- “The resignation of the chancellor is indicative of the uni’s budgetary problems”, one instructor-researcher at the University of Luxembourg murmured to Paperjam. The institution’s 2017 budget, with a €26.8m deficit, was only presented at the end of March 2017, and work on 2018’s budget has apparently not yet begun. Rainer Klump’s resignation took effect on Tuesday.
- The next “indexation” is expected to take place during the second or third quarter of next year, according to Statec, the national statistics bureau. That means salaries and pension payments will automatically rise by 2.5%. Statec also forecast that consumer prices will increase 1.8% this year and inflation will be 1.7% in 2018.
- Luxembourg’s government has hired a pair of firms to advise it on negotiations over the UK’s exit from the EU. The firms will help the finance ministry study the potential impact of Brexit in the financial services and tax spaces. The information was revealed in a response from the DP finance minister Pierre Gramegna to a parliamentary question by CSV MP Laurent Mosar. According to the Luxembourger Wort, the consulting firm PwC and law office of Arendt & Medernach won the government contracts.
- KBL epb (European private bank) posted net banking income of €465.9m and operating income of €37.1m last year. Net profits dropped from €81.3m in 2015 to €6m to 2016. No dividend payment will be issued. 99.9% of KBL shares are owned by Precision Capital, the Luxembourg-based investment vehicle for Qatar’s royal family, which also has a controlling stake in Banque internationale à Luxembourg.

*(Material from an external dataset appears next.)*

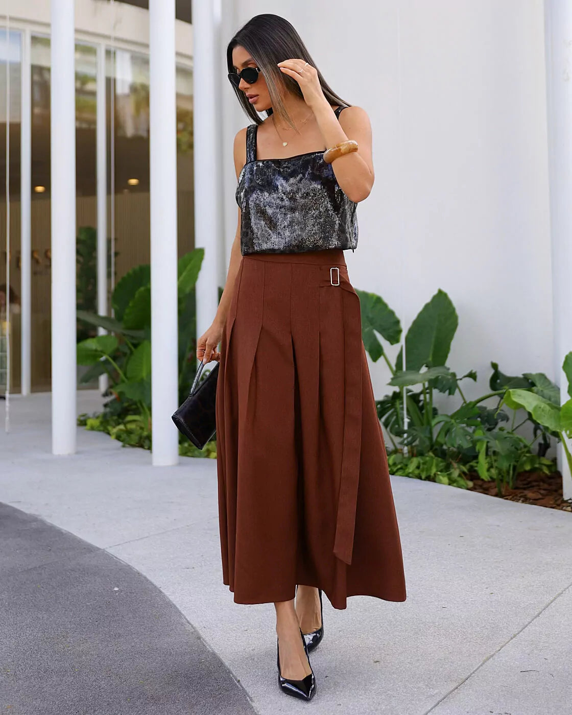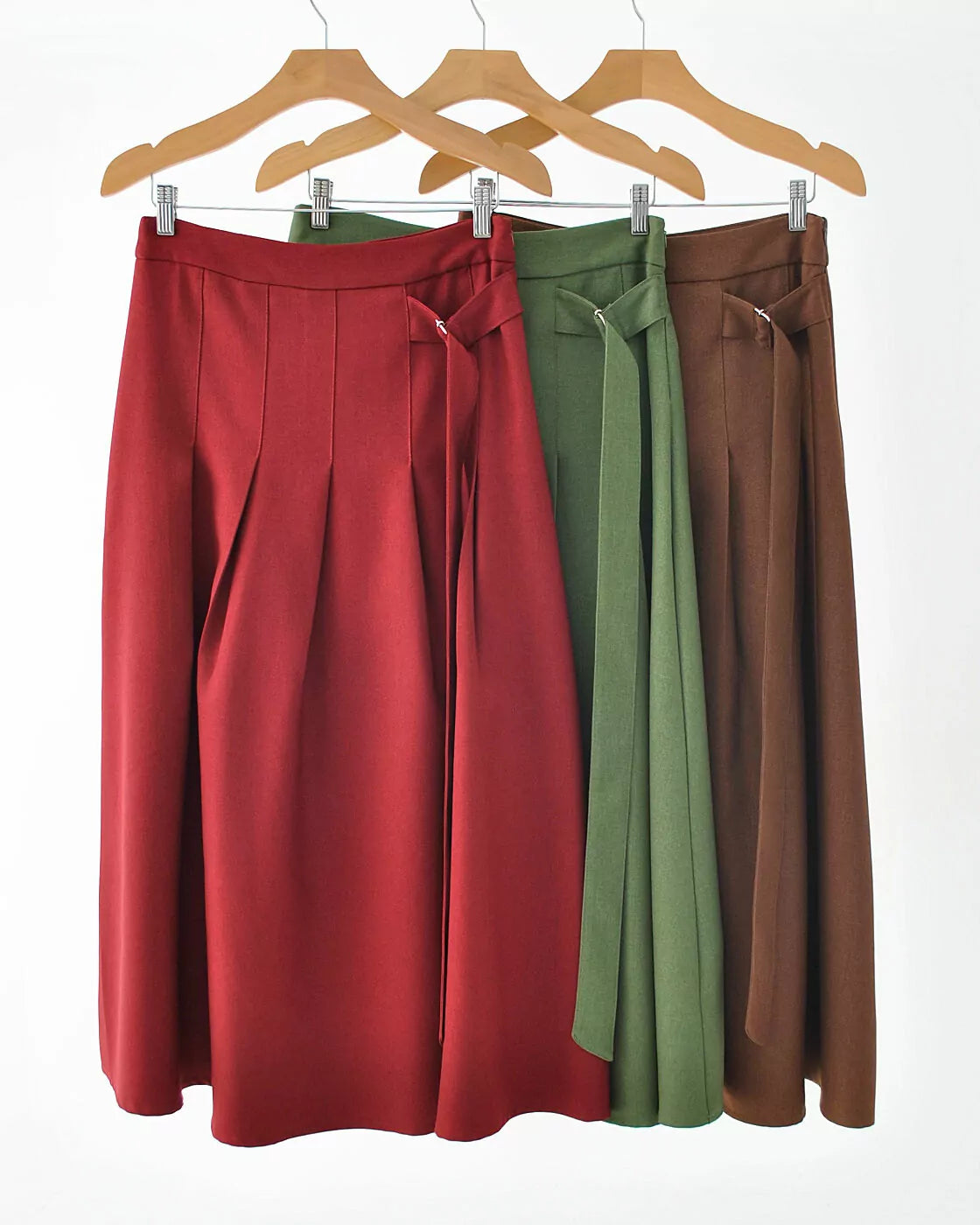 Saia midi de alfaiataria em tecido estruturado e macio. Possui cintura alta. fecho lateral com zíper e martigale aplicado. Possui pregas trazendo um belo movimento à peça. Modelagem evasê, valoriza todos os biotipos.100% POLIESTER

- The government has launched the second part of a regional mobility study. Altogether the infrastructure ministry hopes to garner responses from 40,000 households in Luxembourg and the households of 45,000 cross-border commuters on how exactly how they get around. François Bausch, the Green infrastructure minister, said the last such study was conducted been 1995 and 1997. Questionnaires are being fielded--in English, French, German, Luxembourgish and Portuguese--by phone, email and postal mail. Research is expected to finish at the end of May and results published in the autumn.